Edited January 11, 2007 by TheCanadian

[carbonize]

I wrote a contact form for a small business site I made and it got spam. I added CAPTCHA to it to stop automated posting.

[wmadill]

We have a bunch of clients all using variations of a contact form we wrote. It's similar in function to yours (the "to:" address is hardcoded to me, the form values are all escaped, etc.) One of the sites was getting hammered with formbot spam recently so I tried various non-CAPTCHA techniques to catch it. Things I have discovered:

- some formbots have harvested the forms earlier and periodically just do a POST with their form spam. So adding a new field to the form and checking to see if it is there catches them.
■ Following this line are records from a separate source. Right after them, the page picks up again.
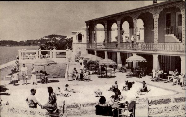 Princess Hotel AND COTTAGE HAMILTON BERMUDA THE SPARKLING SALT WATER POOL AND SAND BEACH-where sunning, swim- ming, a cocktail and lunch may be enjoyed. MY.C
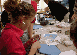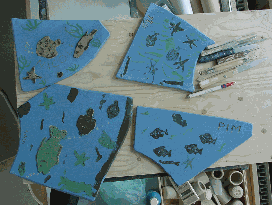 Chantal knipt eerst een sjabloon van haar vis. |
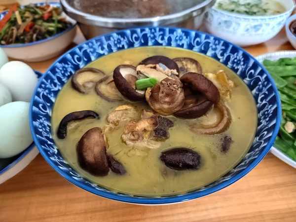 江西这边很少人养鸡鸭,所以过年的时候,土鸡土鸭卖得特别贵,一只土鸡就得两三百块钱。这种土鸡,只要简单焯水,剁成小块放入砂锅中,一次性倒入足够的清水,中火炖60分钟,再放入泡发好的香菇,继续炖30分钟左右,加入少许盐调味就可以了,这样炖出来的鸡汤,鲜香开胃,好喝又营养。
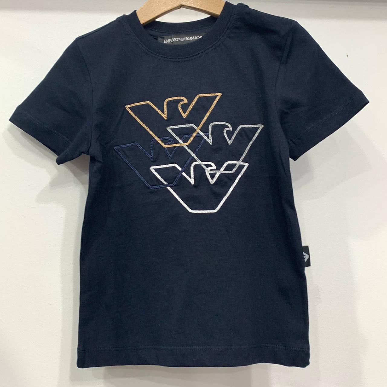 Футболка Armani LUX-102170, представленная на изображении, — это стильная и удобная вещь для повседневной носки. Футболка выполнена в классическом стиле, темно-синего цвета, с контрастным логотипом бренда на груди.

- formbots seem to be clever enough to not mess with hidden fields. I set one to the time the page was generated and then look at the time when it is POSTed. If it is too short (I have it at 5 seconds now--maybe there's someone who is a really fast typist , I don't send the form email. That catches relatively few of these.
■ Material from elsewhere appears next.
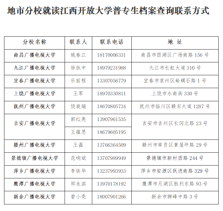 地市分校就读学生请前往原就读学校查询档案,具体联系方式及地址如下:

- I also mess with some of the viewable text fields and make sure they contain data I seed them with. If not, I don't send the form email.

 

Bill

Edited April 25, 2007 by wmadill

[TheCanadian]

We have a bunch of clients all using variations of a contact form we wrote. It's similar in function to yours (the "to:" address is hardcoded to me, the form values are all escaped, etc.) One of the sites was getting hammered with formbot spam recently so I tried various non-CAPTCHA techniques to catch it. Things I have discovered:

- some formbots have harvested the forms earlier and periodically just do a POST with their form spam. So adding a new field to the form and checking to see if it is there catches them.

- formbots seem to be clever enough to not mess with hidden fields. I set one to the time the page was generated and then look at the time when it is POSTed. If it is too short (I have it at 5 seconds now--maybe there's someone who is a really fast typist , I don't send the form email. That catches relatively few of these.

- I also mess with some of the viewable text fields and make sure they contain data I seed them with. If not, I don't send the form email.

 

Hmm... that time idea is an excellent one! I think I'm going to implement that too. In the last couple of months I've noticed that spambots seem to be posting from a cached form (like you mentioned), so I added a server-side cookie to my form that is created when the form page is loaded, contains the IP and browser type, and is verified by the CGI before it does anything. If the cookie has timed out or the data doesn't match, then it's obviously a cached form and not loaded directly from my page, so it isn't processed. That has worked wonders so far by elminating 99% of the random garbage messages, and it even allowed me to reduce much of the "banwords" from my script.

[carbonize]

Actually I implemented something similar a while back into the guestbook script I write. The admin can specify a time delay before a post will be accepted and a time limit for which the form is valid. I place a mildly encrypted timestamp into a hidden input to show when the form was generated.